# Solved: SSL/Internet Explorer file download issue - Registry settings



## paul_carron (Oct 15, 2006)

I have a problem downloading files and think its due to using SSL with Internet Explorer. I found the below steps to do a registry update. It says 'On the Edit menu, click Add Value'. Unfortunately the only option is 'Edit > New'. In 'New' the options are Key, String Value, Binary Value, DWORD Value, Multi-String Value and Expandable String Value. Can anybody please advise what I should do?

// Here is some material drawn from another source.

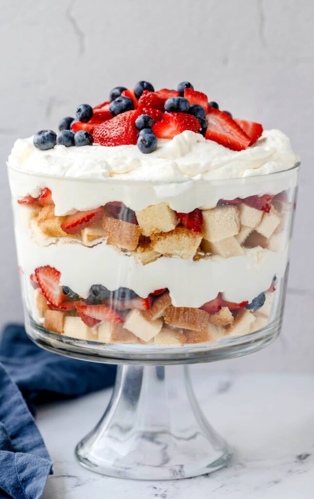 Red white and blue trifle is a delicious no-bake berry trifle made with fresh blueberries and strawberries, pudding mix, pound cake, and whipped cream. This seriously simple dessert takes just 7 ingredients and 15 minutes to put together.

Internet Explorer 7 and Internet Explorer 8
To resolve this issue in Internet Explorer 7 and in Internet Explorer 8, follow these steps:

Start Registry Editor.
For a per-user setting, locate the following registry key:
HKEY_CURRENT_USER\SOFTWARE\Microsoft\Windows\CurrentVersion\Internet Settings
For a per-computer setting, locate the following registry key:
HKEY_LOCAL_MACHINE\SOFTWARE\Microsoft\Windows\CurrentVersion\Internet Settings
On the Edit menu, click Add Value.
To override the directive for HTTPS connections, add the following registry value:
"BypassSSLNoCacheCheck"=Dword:00000001
To override the directive for HTTP connections, add the following registry value:
"BypassHTTPNoCacheCheck"=Dword:00000001
Quit Registry Editor.


----------



## paul_carron (Oct 15, 2006)

Its OK. Got sorted. Its New DWORD. Blindingly obvious!!!


----------